Only the lines in the entries below from the line with "Giới thiệu Đầm" to the line with "2月22日晚8:30召开线上", both included, belong in the answer, transcribed exactly and without pictures.

[Data to examine Boundary: Start]

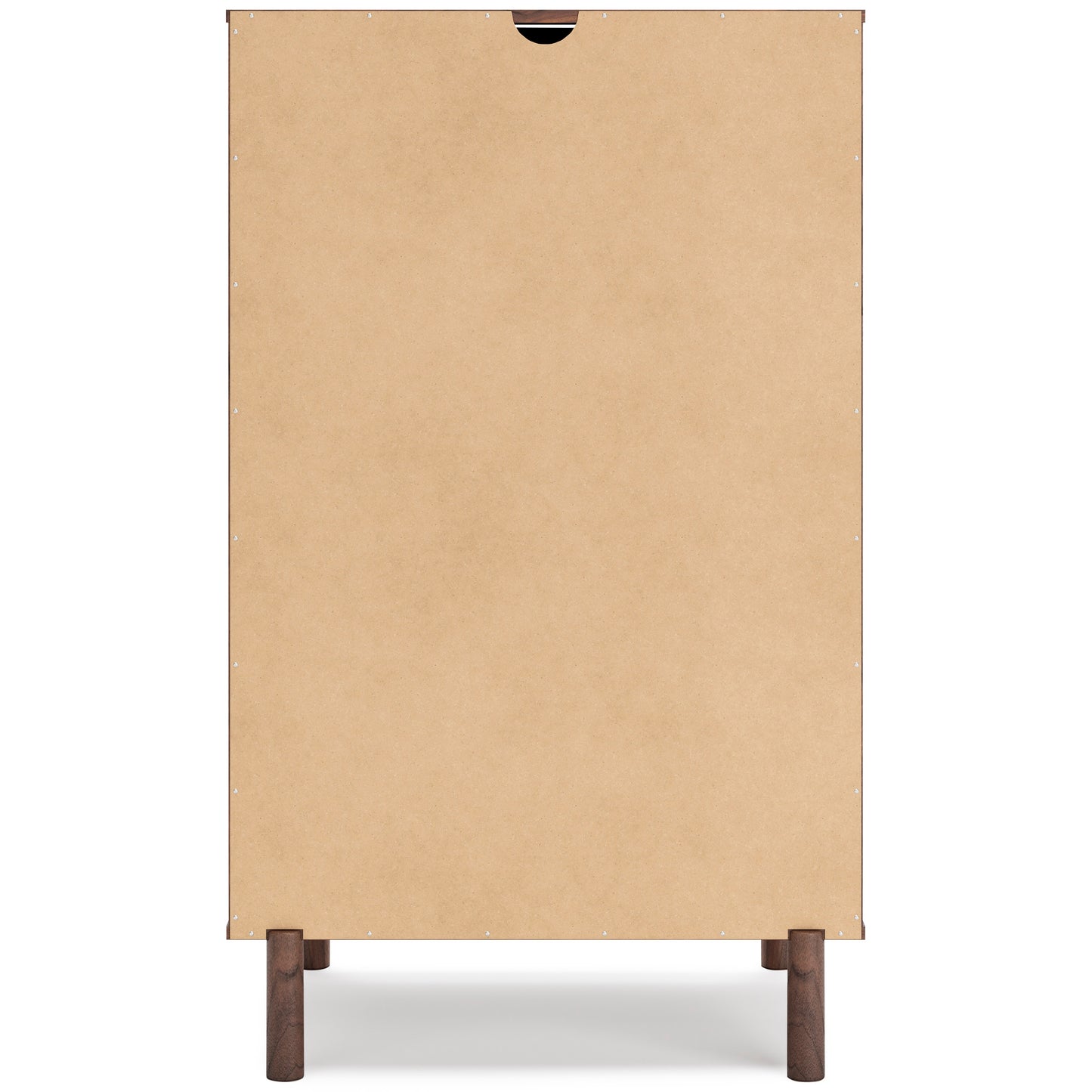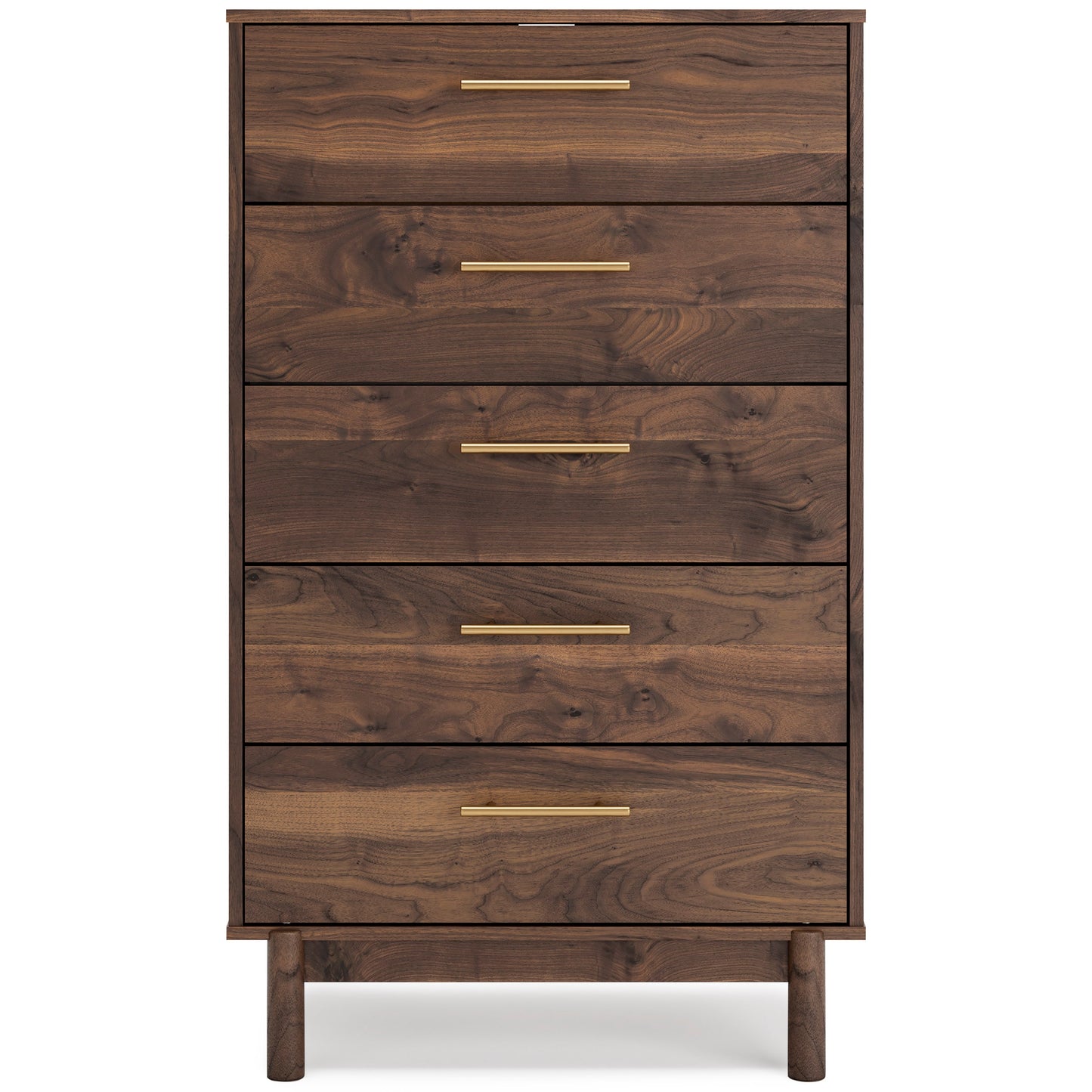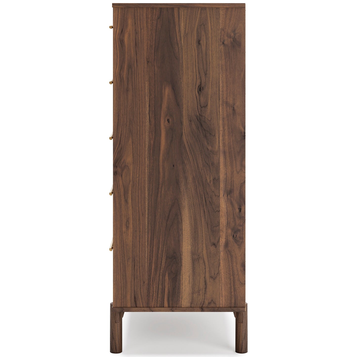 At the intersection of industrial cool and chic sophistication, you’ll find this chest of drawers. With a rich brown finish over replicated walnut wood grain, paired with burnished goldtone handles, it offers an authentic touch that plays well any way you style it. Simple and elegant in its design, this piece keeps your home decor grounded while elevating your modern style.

[Data to examine Boundary: End]
[Data to examine Boundary: Start]

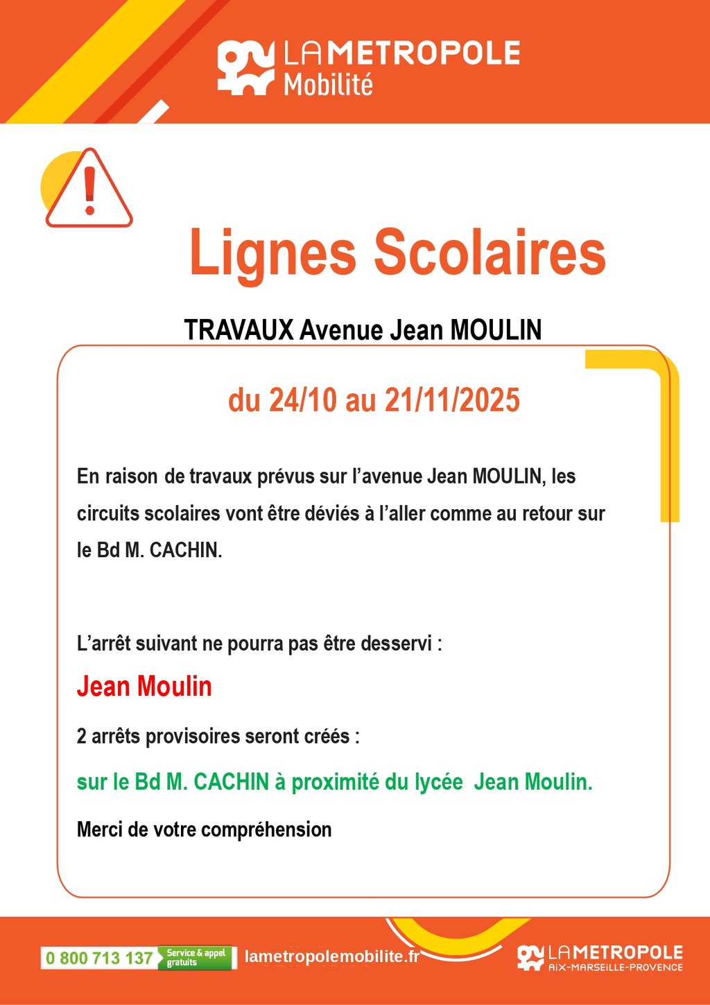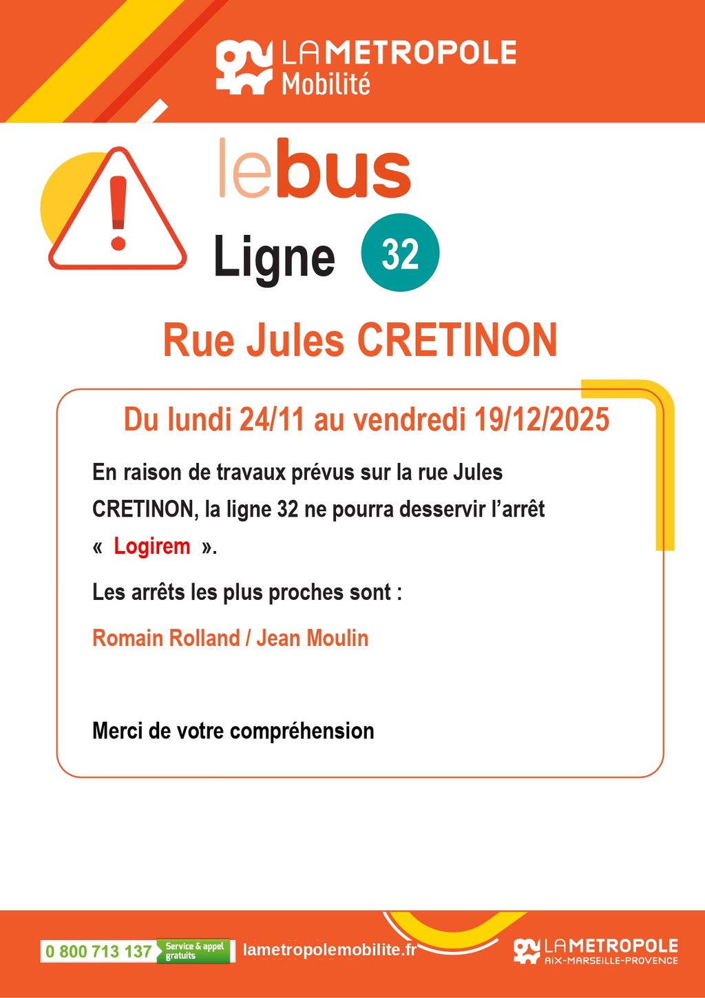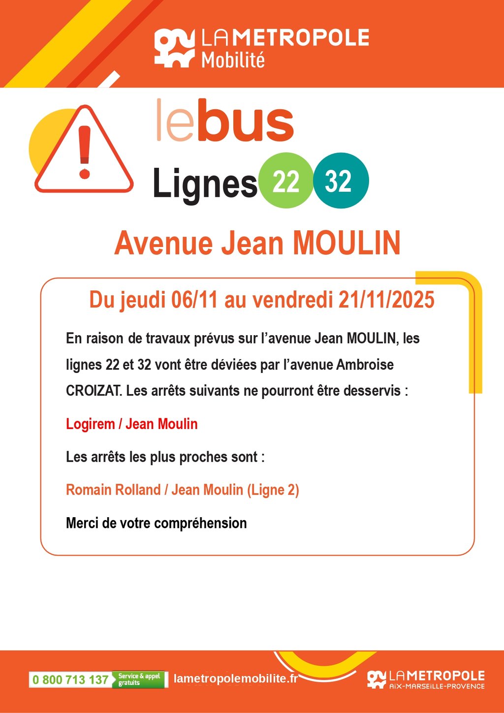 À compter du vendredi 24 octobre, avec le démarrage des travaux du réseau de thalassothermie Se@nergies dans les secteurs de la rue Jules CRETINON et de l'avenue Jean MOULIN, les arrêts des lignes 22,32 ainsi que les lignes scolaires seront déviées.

[Data to examine Boundary: End]
[Data to examine Boundary: Start]

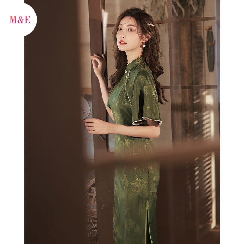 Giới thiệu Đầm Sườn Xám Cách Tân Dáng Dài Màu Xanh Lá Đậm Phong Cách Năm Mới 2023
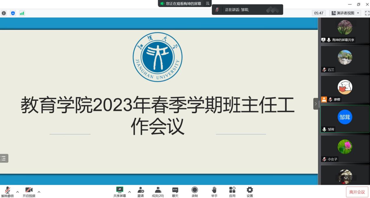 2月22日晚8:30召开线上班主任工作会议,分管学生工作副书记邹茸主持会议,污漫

[Data to examine Boundary: End]

:: Exercise response ::
 Giới thiệu Đầm Sườn Xám Cách Tân Dáng Dài Màu Xanh Lá Đậm Phong Cách Năm Mới 2023
 2月22日晚8:30召开线上班主任工作会议,分管学生工作副书记邹茸主持会议,污漫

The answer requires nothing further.